(Beirut) – The Syrian transitional government’s stringent application of registration and operational requirements on aid groups is hampering their ability to scale up operations, Human Rights Watch said today. While the authorities have signaled a willingness to engage with international organizations, bureaucratic and administrative hurdles continue to impede efforts to address Syria’s escalating humanitarian crisis.
Under the Assad government, the authorities tightly controlled humanitarian operations, forcing international nongovernmental groups to coordinate and obtain approvals for their operations through state-affiliated organizations, a system that allowed for manipulation of aid for political purposes. Independent organizations seeking to maintain a principled operational space faced severe bureaucratic hurdles, restrictions on access, and government interference, undermining their ability to operate effectively and limiting partnerships with Syrian national organizations. Despite the collapse of the Assad government, some of the same restrictions remain in place or the new authorities have reinforced them.
“The transitional government has an opportunity to dismantle the restrictive framework that hindered independent humanitarian work for years,” said Adam Coogle, deputy Middle East director at Human Rights Watch. “Instead of reinstating practices that undermine neutrality and efficiency, the authorities should be prioritizing getting all available assistance to those in need.”
Human Rights Watch spoke to six aid workers between February and April 2025, all of whom highlighted the reintroduction of previous registration regulations. These rules require independent groups to work under an “umbrella system,” which gives vast authority to a designated “national partner” that effectively functions as a third-party regulatory body. On April 27, Human Rights Watch contacted the Foreign Ministry to request details about these measures and their impact on humanitarian operations, but had not received a response as of the publication date.
In the past, the Assad government used the same system. It required nearly all international groups to operate under the Syrian Arab Red Crescent (SARC) or the Syria Trust for Development (STD), which are both government-linked entities that played a central role in coordinating aid efforts. This, at times, allowed for aid distribution to be channeled according to political priorities rather than strictly humanitarian needs.
Human Rights Watch documented that, under the Assad government, Syrian security services regularly engaged with these entities and could access their beneficiary lists and programming at any time. This system severely constrained independent organizations, limiting their operational autonomy, reducing transparency in aid allocation, and enabling government interference in donor-funded relief efforts.
As part of broader governance reforms, the Syrian caretaker government, which governed the country until the transitional government was sworn in on March 29, introduced some restructuring to these key entities. It replaced Khaled Hboubati as head of SARC with Mohammad Hazem Baqlah, who previously led its volunteer medical services. It renamed the Syria Trust for Development to the Syrian Development Organization (SDO), dissolved its board of trustees, and appointed a committee to take over its financial and administrative functions.

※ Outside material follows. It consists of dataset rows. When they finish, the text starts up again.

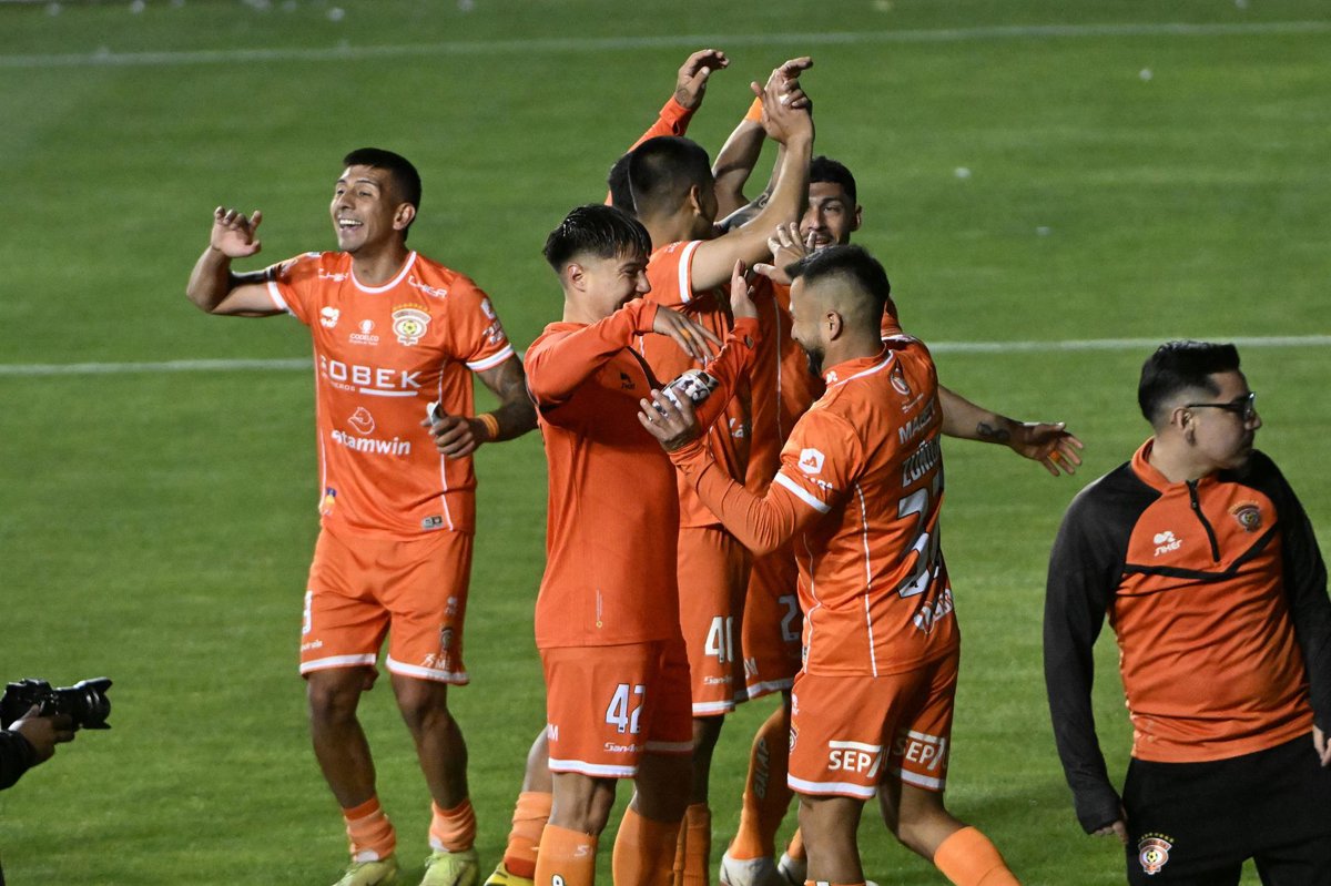 Futbol, Cobreloa vs San Marcos de Arica Liguilla de asceso 2025. Los jugadores de Cobreloa, celebran tras ganar el partido ante San Marcos de Arica por partido Liguilla Ascenso Caixun realizado en el estadio Zorro del Desierto Calama, - PEDRO TAPIA/PHOTOSPORT
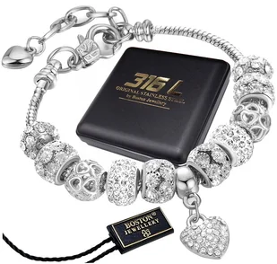 SREBRNA BRANSOLETKA DAMSKA MODUŁOWA Z CHARMSAMI SERCE REGULOWANA ORYGINAŁ Boston Jewellery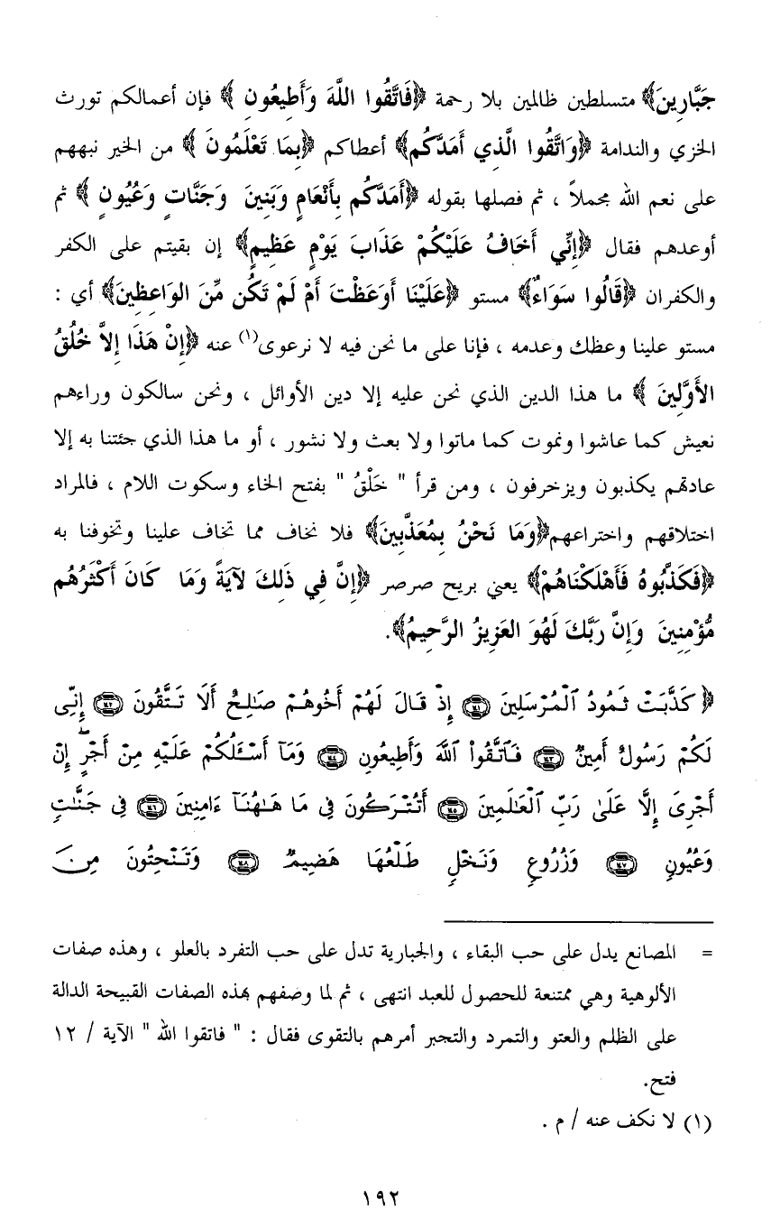 جَبَّارِينَ) متسلطين ظالمين بلا رحمة (فَاتَّقُوا اللهَ وَأَطِيعُونِ) فإن أعمالكم تورث الخزي والندامة (وَاتَّقُوا الَّذِي أَمَدَّكُمْ) أعطاكم (بِمَا تَعْلَمُونَ) من الخير نبههم على نعم الله مجملاً، ثم فصلها بقوله (أَمَدَّكُمْ بِأَنْعَامٍ وَبَنِينَ وَجَنَّاتٍ وَعُيُونٍ) ثم أوعدهم فقال (إِنِّي أَخَافُ عَلَيْكُمْ عَذَابَ يَوْمٍ عَظِيمٍ) إن بقيتم على الكفر والكفران (قَالوا سَوَاءٌ) مستو (عَلَيْنَا أَوَعَظْتَ أَمْ لَمْ تَكُنْ مِنَ الْوَاعِظِينَ) أي: مستو علينا وعظك وعدمه، فإنا على ما نحن فيه لا نرعوي عنه (إِنْ هَذَا إِلا خُلُقُ الأَوَّلِينَ) ما هذا الدين الذي نحن عليه إلا دين الأوائل، ونحن سالكون وراءهم نعيش كما عاشوا ونموت كما ماتوا ولا بعث ولا نشور، أو ما هذا الذي جئتنا به إلا عادتهم يكذبون ويزخرفون، ومن قرأ " خَلْقُ " بفتح الخاء وسكوت اللام، فالمراد اختلاقهم واختراعهم (وَمَا نَحْنُ بِمُعَذَّبِينَ) فلا نخاف مما تخاف علينا وتخوفنا به (فَكَذَّبُوهُ فَأَهْلَكْنَاهُمْ) يعني بريح صرصر (إِنَّ فِي ذَلِكَ لَآيَةً وَمَا كَانَ أَكْثَرُهُمْ مُؤْمِنِينَ وَإِنَّ رَبَّكَ لَهُوَ الْعَزِيزُ الرَّحِيمُ).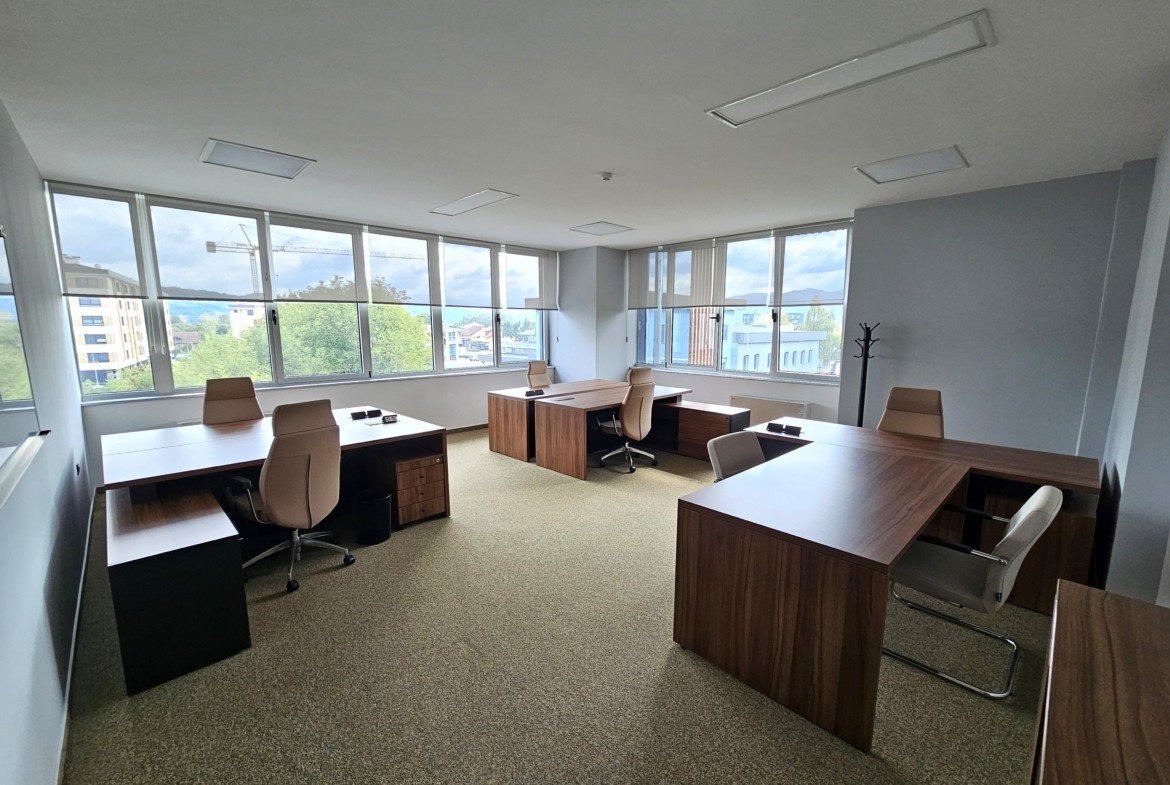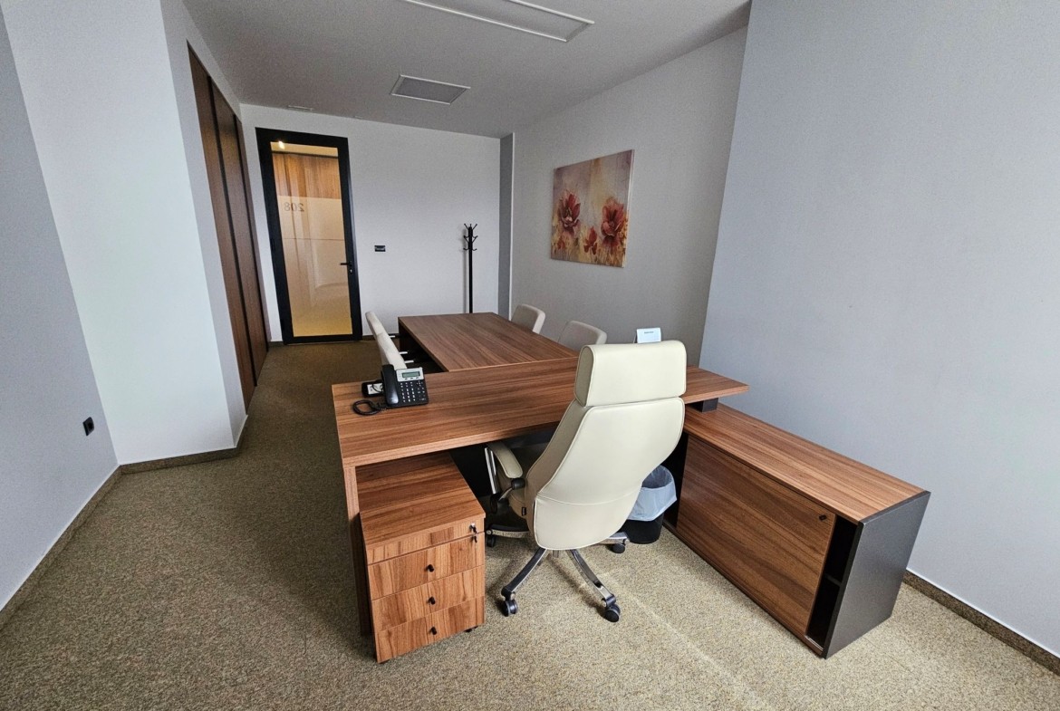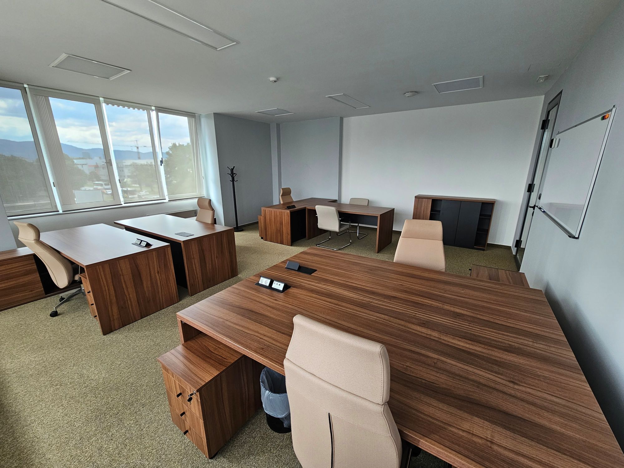 Trenutno su na raspolaganju dvije kancelarije koje je moguće iznajmiti pojedinačno ili obe zajedno ukoliko vam je potrebno ukupno 70m2. Kancelarija 1 od 22m2 (1x menadžerski sto koji je moguće razdvojiti, fiksni telefonski aparat, inverter klima, ormar), kancelarija 2 od 48m2 (1x menadžerski sto koji je moguće razdvojiti,+ 4x single, fiksni telefonski aparati, inverter klime, komoda).

However, as one senior aid worker on the ground in Damascus told Human Rights Watch, the problem lies not with those entities, but with the system itself, which would most likely continue to compromise neutrality and efficiency and restrict operational independence.
“In the early days [after the fall of the previous government], we were optimistic that [humanitarian] operations will be more effective,” the humanitarian worker said. “But day after day, it turns out this is not the case.”
Humanitarian workers also told Human Rights Watch that transitional authorities have imposed a reregistration requirement on all organizations operating in Syria, even those that have maintained humanitarian operations on the ground for years and decades. Humanitarian workers said the onerous requirements are even more complex than those the Assad government imposed, requiring aid groups to divulge minute details about their operations and sources of funding.
The Syrian transitional government should prioritize the delivery of impartial and effective humanitarian aid by removing the restrictive systems that limit operational flexibility and compromise humanitarian principles, Human Rights Watch said. UN agencies and donor states should also ensure transparency and accountability in humanitarian programming.
“The humanitarian crisis continues to worsen, and without immediate action to remove arbitrary restrictions, the suffering will only grow for Syrians across the country,” Coogle said.